Disasters are rare, but when they occur, they can bankrupt an unprepared organization. Here are 20 quick tips than can help you to minimize a disaster's impact on your IT assets.
Disasters happen. They're uncommon, but they happen. Pretending otherwise serves only to amplify their negative effects.
In many people's minds, a "disaster" means a hurricane, earthquake, flood, fire, or other natural calamity or, possibly, a terrorist attack.
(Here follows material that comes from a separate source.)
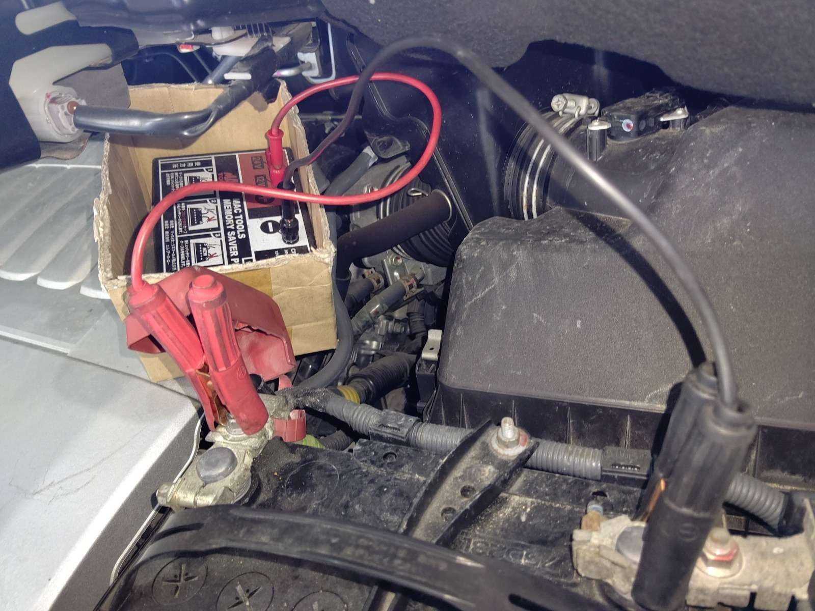 バッテリー上がりかな?とブースター・ケーブルを繋いで暫く置いておき、再びスターター・スイッチを押してみます。

Those clearly qualify as disasters, but for the purposes of this article, "disaster" has a broader meaning.
In this context, a disaster is any event that causes either of the following:
- The destruction of all online operational copies of an organization's data and/or applications. "Online operational copies" includes both the production copies and any ready-to-run backup copies that can be placed in the production role immediately and, preferably, seamlessly.
- The loss of access to all online operational copies of the organization's data and/or applications for a sufficiently long period such that a recovery operation will be faster and more cost-effective than waiting for the online operational copies to come back online.
In the event of a natural disaster or terrorist attack, the organization's first objective should be, clearly, to protect and maintain the safety and security of its employees and other people on its premises. Once this objective has been achieved, or if people have not been placed at risk by the situation, the highest-priority task of the IT department after a disaster is to get the business' critical systems running again as quickly as possible.
Failure to resume operations swiftly can compound the disaster and threaten the survival of the organization. According to one often-cited statistic from the U.S. Bureau of Labor Statistics, 40 percent of all companies that experience a disaster never reopen, and more than 25 percent of the remaining companies close within two years.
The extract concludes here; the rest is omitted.